MATERIAL FOR THE TASK |
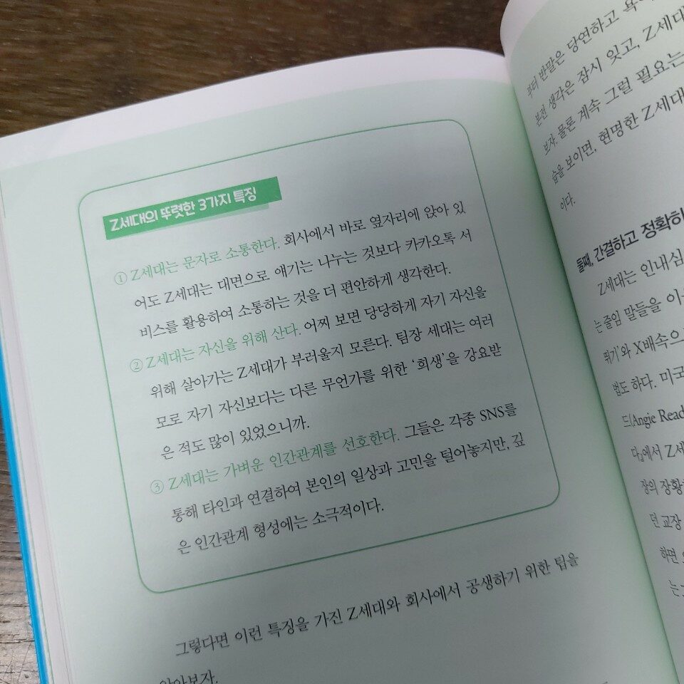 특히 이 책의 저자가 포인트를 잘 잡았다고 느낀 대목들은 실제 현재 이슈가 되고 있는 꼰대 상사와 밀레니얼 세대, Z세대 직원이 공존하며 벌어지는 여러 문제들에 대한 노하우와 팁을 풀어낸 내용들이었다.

==

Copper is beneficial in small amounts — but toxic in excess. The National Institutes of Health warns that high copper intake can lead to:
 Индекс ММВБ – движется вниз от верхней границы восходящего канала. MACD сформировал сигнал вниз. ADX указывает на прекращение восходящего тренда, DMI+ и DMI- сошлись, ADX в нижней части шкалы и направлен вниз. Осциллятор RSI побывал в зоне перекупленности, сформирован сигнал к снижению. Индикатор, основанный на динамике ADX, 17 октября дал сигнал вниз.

PROBLEM TO SOLVE | Print again the lines of the entries above that fall between the line holding "Copper is beneficial" and the line holding "Индекс ММВБ –", inclusive, exactly as they stand.

RESPONSE TO THE EXERCISE |
Copper is beneficial in small amounts — but toxic in excess. The National Institutes of Health warns that high copper intake can lead to:
 Индекс ММВБ – движется вниз от верхней границы восходящего канала. MACD сформировал сигнал вниз. ADX указывает на прекращение восходящего тренда, DMI+ и DMI- сошлись, ADX в нижней части шкалы и направлен вниз. Осциллятор RSI побывал в зоне перекупленности, сформирован сигнал к снижению. Индикатор, основанный на динамике ADX, 17 октября дал сигнал вниз.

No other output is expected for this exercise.